Even though many consume reviews, few write them. Users require motivation to write reviews. Consumers are more inclined to leave negative than positive reviews organically. Failing to manage your product reviews platform will only spell doom.

Post-purchase emails come in handy to nudge your customers to leave a review. At its core, finance marketers need only leverage these communications and include a direct call-to-action, requesting customers to leave a review.

Here are 4 steps that guide you through establishing a reviews collection practice:

Step 1: Identify post-purchase funnel

Your company would most likely be sending post-purchase confirmation emails to customers after they make a purchase. Identify the particular funnel and workflow in your Customer Relationship Management (CRM) system where you’d like to include a reviews invitation.

Some types of post-purchase emails include:

  • Purchase confirmation emails, where the customer has just made a purchase but yet to receive or use the product/service

  • Post-receipt emails, after the product arrives

  • Post-customer service emails, after the customer has an encounter with your customer service

  • Recommendation/Cross-selling emails that suggest other products/services based on the customers’ purchase history

  • Sales emails, if there’s an upcoming promotion or new products/services

  • Milestone emails, to commemorate a customer’s birthday or membership anniversary

Step 2: Create review invitations

A successful review invitation isn’t born out of luck.
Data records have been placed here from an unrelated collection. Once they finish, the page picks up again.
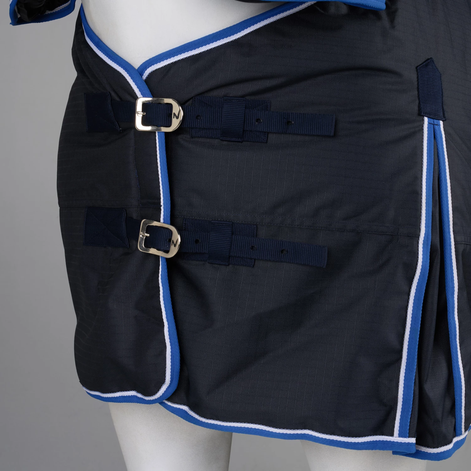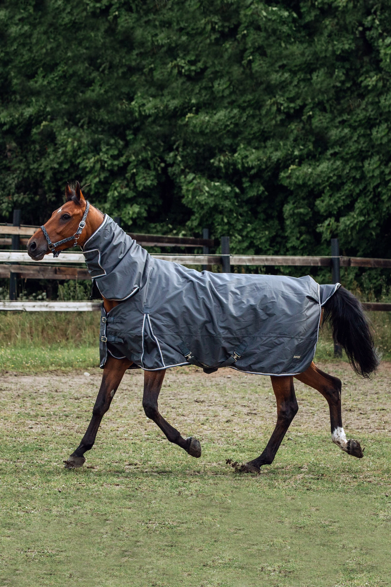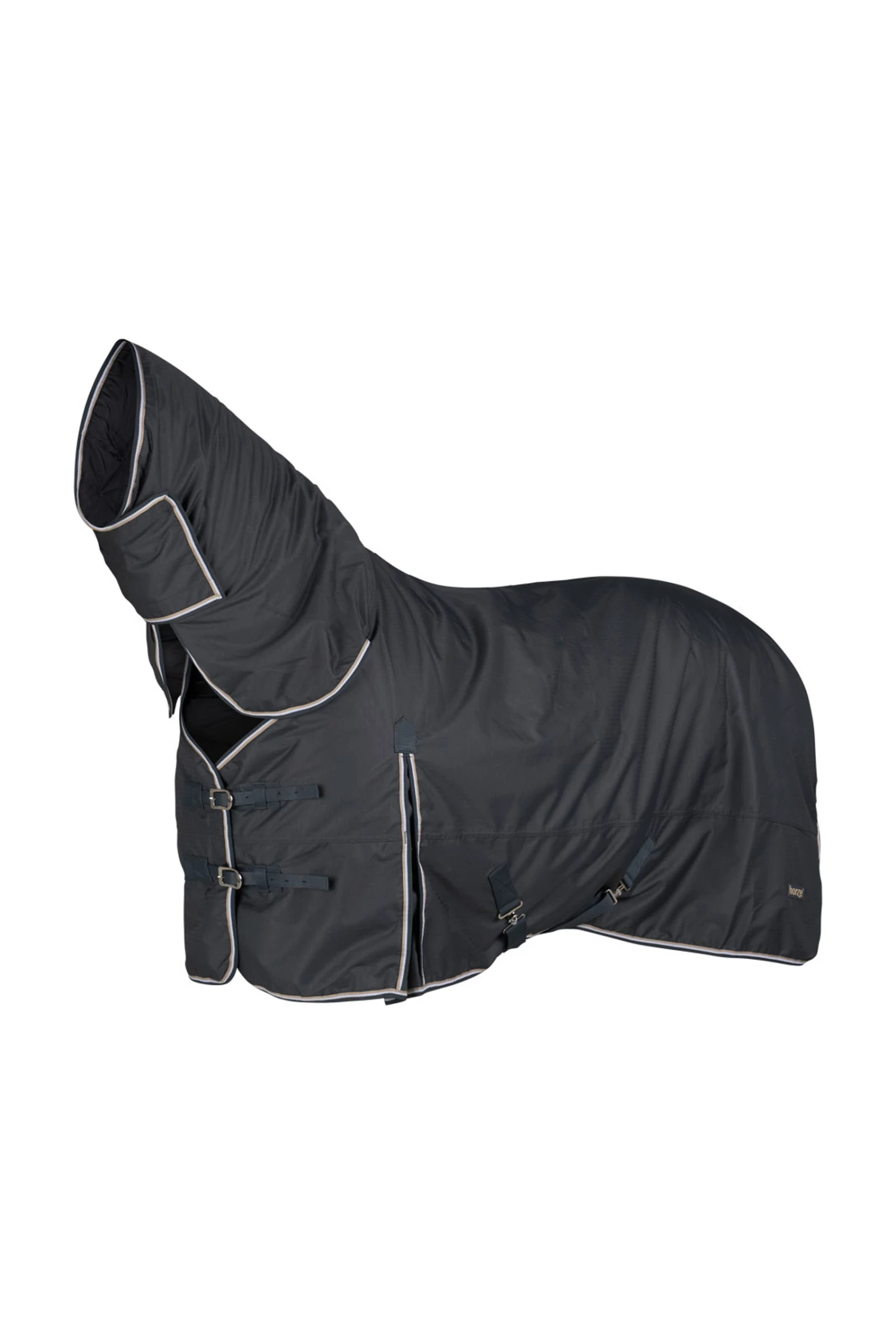 Diese Decke mit Halsteil ist aus wasserdichtem, atmungsaktivem Material gefertigt. Der gute Sitz an Hals und Schultern macht sie bequem und die hohen Gehfalten bieten Bewegungsfreiheit, damit sich dein Pferd austoben kann und nicht eingeschränkt wird. Frontverschlüsse, Kreuzgurte und Beinschnüre halten die Decke sicher an ihrem Platz und verhindern Verrutschen.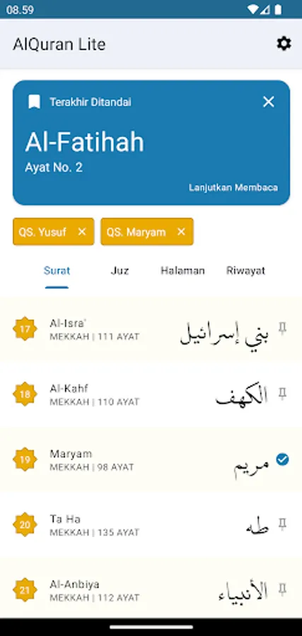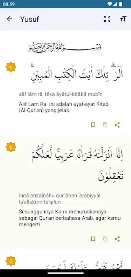 The Indonesian AlQuran application was created to make it easier for users in Indonesia to be able to read the AlQuran anywhere and anytime. This digital AlQuran application has been equipped with transliteration (writing of the Qur'an in Indonesian) and an Indonesian translation sourced from the Ministry of Religion (KEMENAG) of the Republic of Indonesia. The Indonesian AlQuran application is complete with 114 chapters or 30 juz. This Indonesian AlQuran application can be used to improve the quality of worship and tadarus in the month of Ramadan 2020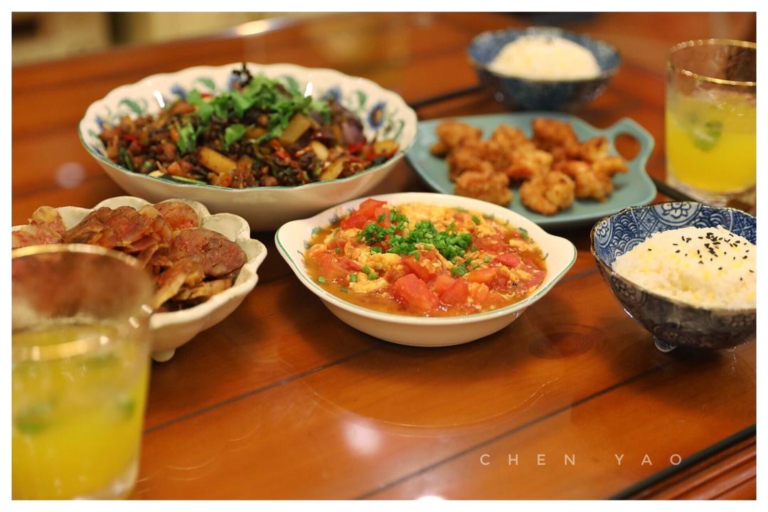 尧小妹 做过 晚餐•2018年9月19日 #晚餐•2018年9月19日#【生活记】晚餐 干锅兔+番茄🍅炒蛋+油炸虾🍤+麻辣香肠 今天在外办事居然跑了300多公里,我反正一直在车上睡觉,上车就来瞌睡,跑了一天都没有好好吃饭,晚上加餐补回来 饭后杨哥说为了我以后不那么娇气,加强锻炼,几哈瑜伽去,看样子好日子是要开始了 2018-09-19

There’s no one-size-fits-all approach and instead, involves a well-thought-out approach to crafting and analysing the email. Finance marketers should consistently test and evaluate different elements of the invitation.
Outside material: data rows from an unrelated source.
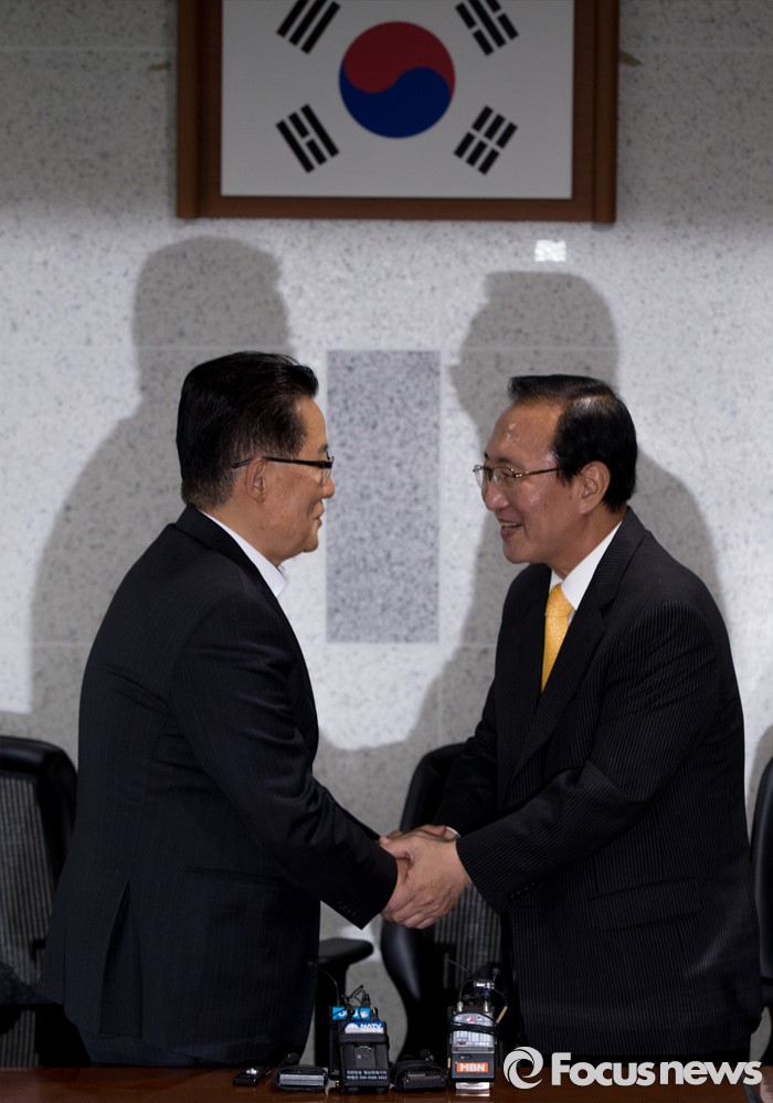 (서울=포커스뉴스) 박지원(왼쪽) 국민의당 원내대표와 노회찬 정의당 원내대표가 9일 오후 서울 여의도 국회에서 면담에 앞서 악수하고 있다.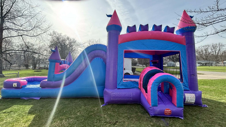 Brings a burst of royal fun to your event! — a colorful, all-in-one inflatable featuring a roomy bounce area, climb-and-slide, and splash-friendly landing. Designed for parties where variety and nonstop activity matter, this unit combines a spacious bounce house with protective mesh walls, a built-in climbing wall that leads to a tall slide, and a long slide run that empties into a shallow splash pool at the end. The vivid pinks, purples, and blues and castle-like turrets create a playful, princess-ready look that delights kids while keeping play contained and visible for easy supervision.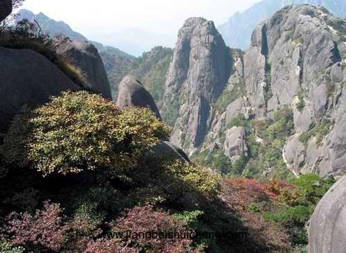 桃花峰位于黃山南端,西連云門峰,與紫石峰隔湯泉溪相望,為36大峰之一,海拔1460米。此峰土質肥沃,草木繁盛。早先峰上多桃樹,人稱“十里桃花峰”,至今仍盛開不衰。每年3~4月,桃花山峰麓層層開至峰頂,如同錦霞,分外艷麗。前人曾有詩形容:“花開十萬樹,峰似繹霞披?!被ㄖx之時,滿山紅瓣流入桃花溪,版權所有,山東聊城聊之旅國際旅行社有限公司,轉載必究!名曰“桃花湯”。峰便由此而得名。清黟縣人、雍正間舉人、名士胡與高有詩曰:“山頭桃花開,山中玉女笑。帝鄉(xiāng)無盡春,日日斜陽照?!痹娭袑⑻一ㄊ㈤_和玉女歡笑糅在一起,給桃花峰抹上了一層春色長駐的浪漫色彩。關于峰上的桃樹為何人所栽,有兩種傳說:一說當年軒轅黃帝來黃山煉丹時,看到桃花峰上缺花少木,乃令眾臣遍栽桃樹,點車上觀之,更能看出它獨臥壑外,不與眾峰相接。故有詩云:“一峰貪枕自離群,萬古山中臥白云。盛世人皆爭貢獻,汝甘壑外不人群?”
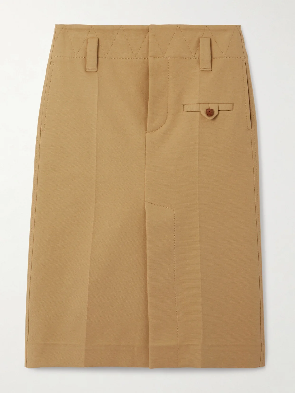 Referencing the style of the '60s and '70s when Bottega Veneta opened its doors, there's a timeless practicality to the label's Pre-Fall '24 collection. This knee-length skirt is cut from double cotton-canvas in an A-line silhouette. Thread a belt through the oversized loops to define the waist.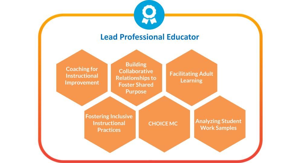 A Lead Professional Educator license designation is intended for a teacher who is choosing to lead primarily from outside the classroom, mentoring and supporting other teachers in their development of strong practices. You will notice that one of the MC slots is a “choice” MC, you will have the option to choose between: Structuring the Classroom to Support All Students OR Recognizing and Upholding Academic Rigor.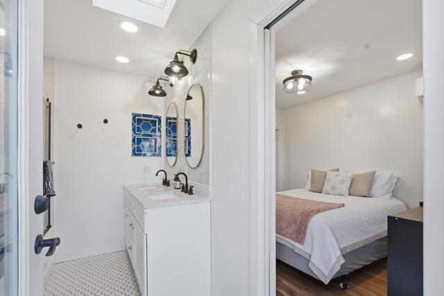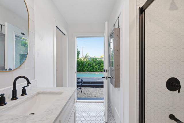 Your Own Private Spanish-Style Resort — Two Homes in One! This classic 1935 Spanish Revival captures the romance of old San Diego with the luxury of modern living, complete with a fully permitted, 1-bedroom, detached Guest House/ADU and fully-owned solar. You get two houses in one! Homes like this rarely become available in San Diego. The exquisite main residence (approx. 1,132 sqft) offers 2 bedrooms and 2 baths, thoughtfully updated to preserve its original charm with arched doorways, hand-crafted details, a formal dining room with tray ceilings, and a kitchen with a bright breakfast nook. Kitchen upgrades include stainless-steel appliances, quartz countertops, and apron sink. The primary bedroom offers an en-suite bathroom and a walk-in closet that open seamlessly through French doors to your private resort-style backyard. A tranquil oasis with a sparkling pool, covered outdoor lounge area, and multiple patios perfect for entertaining or simply relaxing under the California sun. The detached 1-bedroom, 1-bath fully permitted ADU (approx. 603 sq. ft.) built in 2023, features its own entrance, full kitchen, washer and dryer, and offers complete privacy. Ideal for multi-generational living, a guest retreat, a rental, or a short-term rental income opportunity. Once a successful Airbnb, this space offers exceptional flexibility for both lifestyle and investment. Additional highlights include fully owned 5kW solar, luxury appliances and designer updates, newer closet system in both the primary and 2nd bedroom, mini-split A/C units, a tankless water heater, washers and dryers in both homes, recessed lighting, and plantation shutters. A gated driveway provides ample parking with two large storage sheds and potential RV space. Move-in ready and truly one of a kind, this home invites you to live every day like you’re on vacation. This is an incredible property that will take your breath away. Minutes to neighborhood cafes, shopping, dining, SDSU, and major freeways, this is more than just a home; it’s a smart, turnkey investment in one of San Diego’s most desirable and charming neighborhoods. Whether you're a buyer looking to build equity while generating income or an investor seeking a move-in-ready property in a high-demand area, 4534 Alice St delivers the lifestyle, flexibility, and long-term value you've been dreaming of.

Revolut's review invitation email
E.g. Revolut's review invitation email

Still, here are some tips to get you started:

  • Personalise your emails when you address customers by their first name, so they are more likely to leave a review

  • Keep the design of your review invitations clean and sleek so customers can better identify the call-to-action

  • Only have one call-to-action in your email to prevent confusing your customers

  • Use a button or image to highlight the call-to-action

While it may be tempting to offer incentives in exchange for more reviews, we recommend finance marketers to avoid doing so. Regardless if you’re incentivising for both positive and negative reviews, it runs the risk of creating a bias and skewing your customers’ actual sentiments. In the long run, rewarding reviews may cost a business its credibility.

Step 3: Send review invitations

Ask, and you shall receive. Trustpilot states that 10% of customers leave a review after receiving a review invitation. Timing your review invitations are important, and you should consider sending your communications anytime from your customer’s day of purchase up to 12 weeks.
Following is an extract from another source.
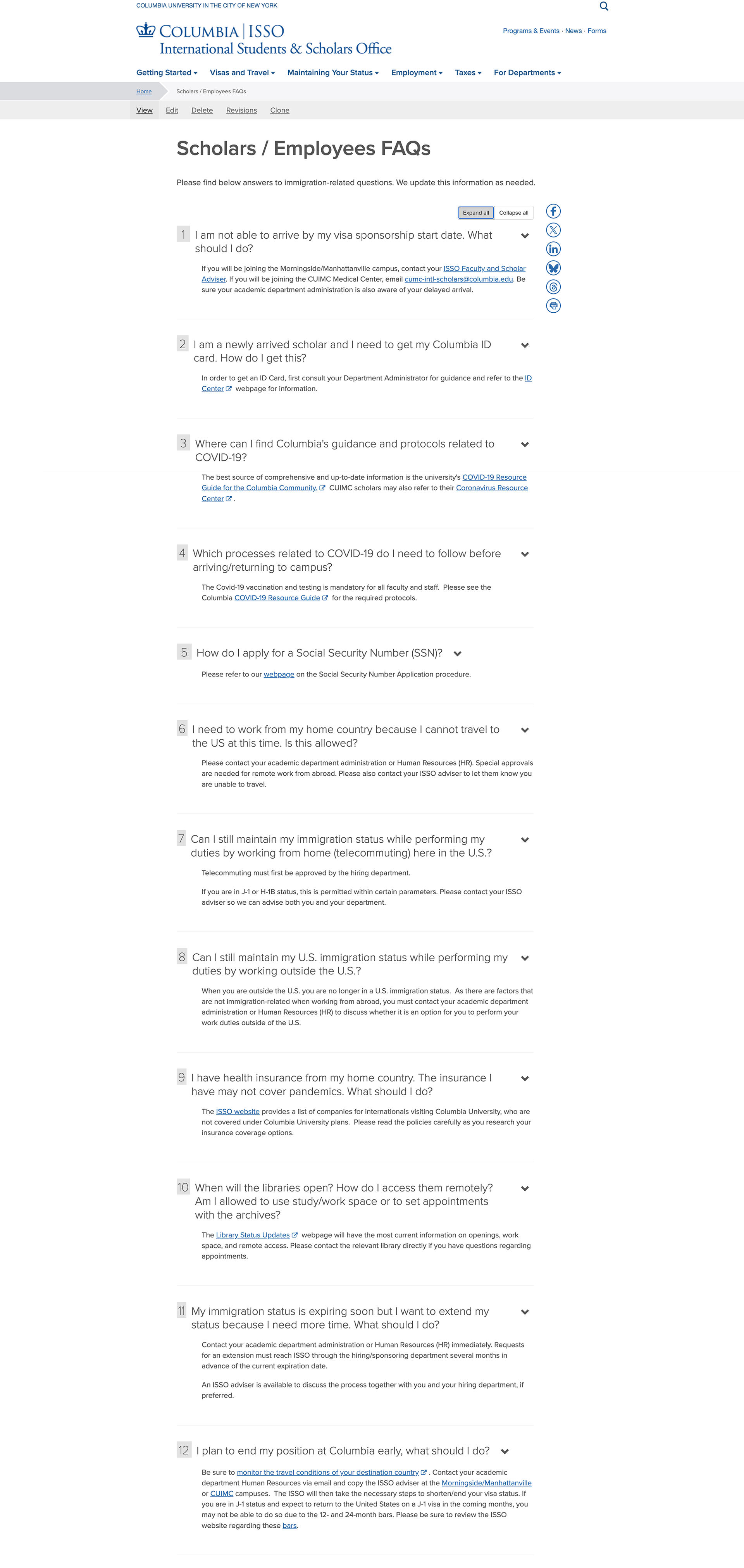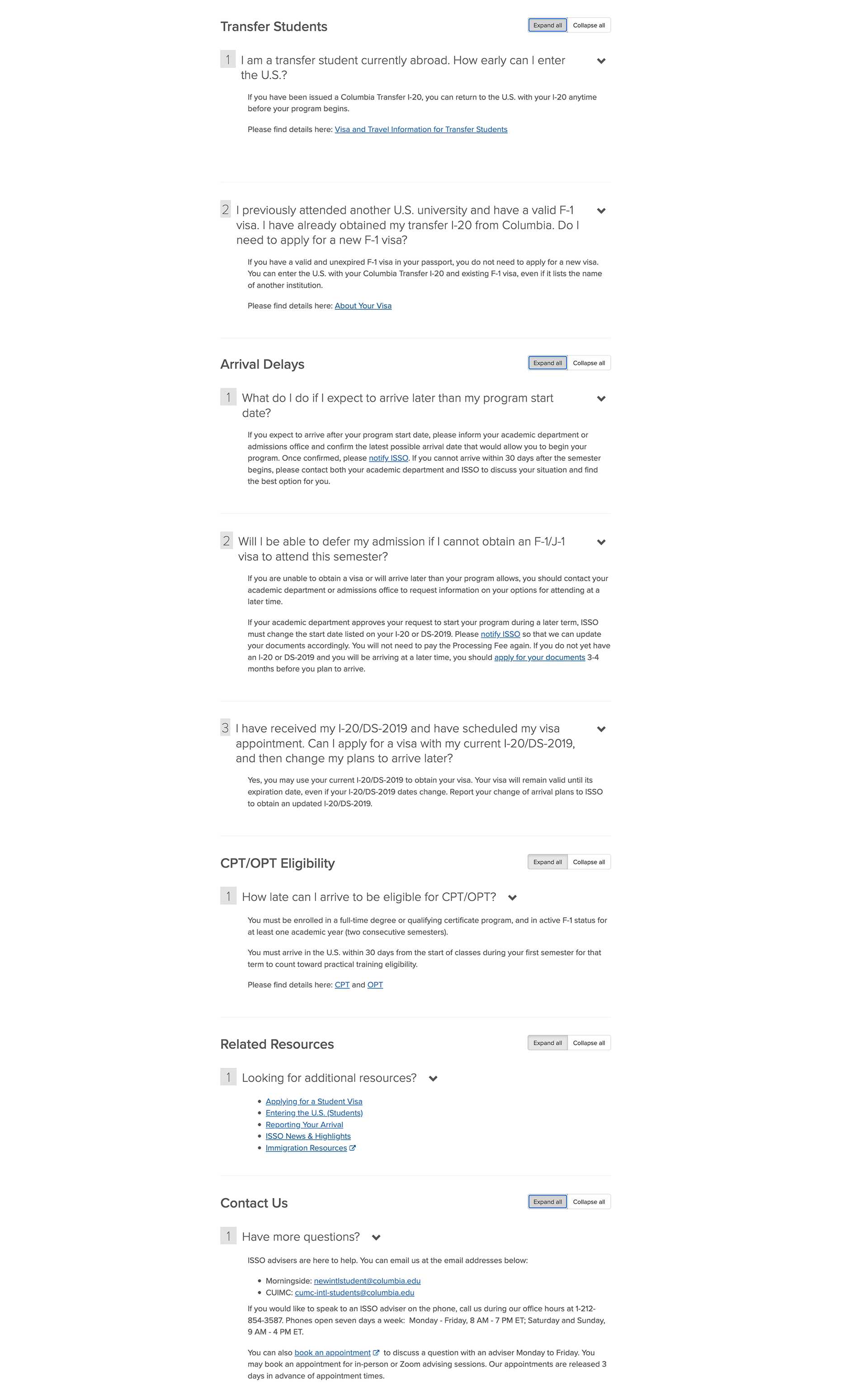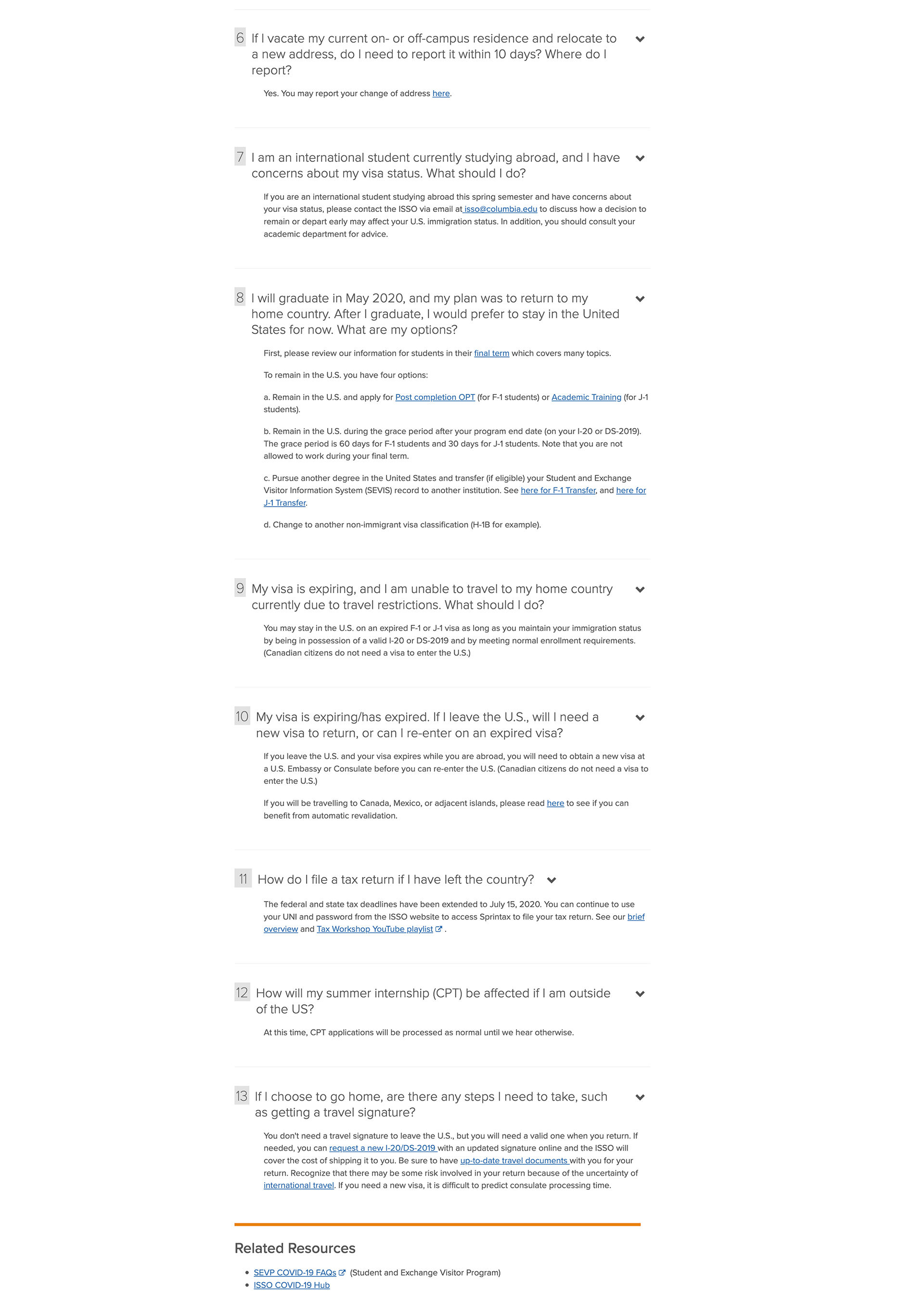 After the immediate COVID-19 crisis subsided, the FAQ infrastructure remained in place. Working with advisers, I transitioned the pages from pandemic-specific guidance to broader immigration and program questions, ensuring the resource continued to address the most common issues students encountered.

Step 4: Follow up with reminders

Your customers are busy people, and writing a customer review isn’t going to be pencilled in their agenda. Don’t give up on collecting reviews if they don’t respond on your first try. Another prod should do, so regularly schedule follow-up emails to retarget customers who haven’t left a review.

A hands-off approach to collecting reviews

Start sending your reviews invitation emails with SeedlyBusiness’ Automated Reviews Collector Tool (ARCT). Take the manual creation and workflow off your time when ARCT automatically delivers your emails after a one-time setup.

Identify a post-purchase funnel, paste a unique Seedly email address in your marketing software, set a delay duration, and everything runs on autopilot!

Automated Reviews Collector Tool (ARCT)
Automated Reviews Collector Tool (ARCT)

Having Seedly request and host reviews also increases the credibility of these content. Consumers better trust reviews that are monitored by a neutral third-party as they can be assured that the user-generated content is carefully managed according to impartial guidelines.


The financial industry is founded upon trust, and customer reviews are integral to a company’s success. Finance marketers must relook their priorities and focus on developing strategies to grow useful customer reviews.